What are the values of bf_window and bf_resolution in your configuration?

>From the documentation of bf_window: "The default value is 1440
minutes (one day). A value at least as long as the highest allowed
time limit is generally advisable to prevent job starvation."

2017-06-16 1:16 GMT+02:00 Robbert Eggermont <[email protected]>:
>
> Hello,
>
> In our Slurm setup (now 17.02.4) I've noticed several times now that
> backfilled jobs push back the start time of the highest priority job.

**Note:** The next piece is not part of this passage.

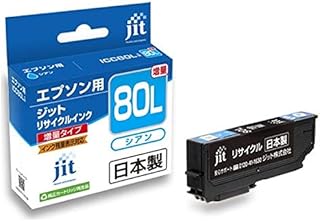 ICC80L ( 増量 )シアン 対応 ジット リサイクル インクカートリッジ エプソン 日本製 JIT-E80CL

> I'm not sure if this is due to a configuration error or an scheduler error,
> and since I'm having a hard time diagnosing what's happening, I was hoping
> for some insightful tips.
>
> What happens is that when the highest priority pending job needs a lot of
> resources (CPUs, ...), slurm will backfill lower priority jobs with less
> requirements but with a higher timelimit than the currently running jobs.
>
> For example, the highest priority job needs a full node, and the first node
> will become available in 6 days; our slurm will happily backfill all pending
> lower priority 2-CPU 7-day jobs on every possible node in the cluster, thus
> pushing back the highest priority job 1 day.
>
> Looking into the scheduler debugging info, I noticed some things I can't
> explain:
> 1) the highest priority job ("A") is not always scheduled to start on the
> first node ("1") that will become available;
> 2) in the same iteration, the backfill logic will start another, lower
> priority, smaller job with a timelimit longer than the expected start time
> of job "A" on the same node "1";
> 3) when "A" is scheduled to start on another node, the scheduled starting
> time remains the same (i.e. it is not updated to the time that the new node
> becomes available).
> 4) the scheduled starting time of the highest priority job ("A") is
> sometimes later than the time that the node becomes available;
>
> See below for some log entries for these events.
>
> Does anybody have an idea what's going on here, and how we can fix it?
>
> Robbert
>
>
> 1)
> JobID=1315558 has a scheduled start time on node maxwell of
> 2017-06-22T19:11:16; forcing it to another node (by draining maxwell)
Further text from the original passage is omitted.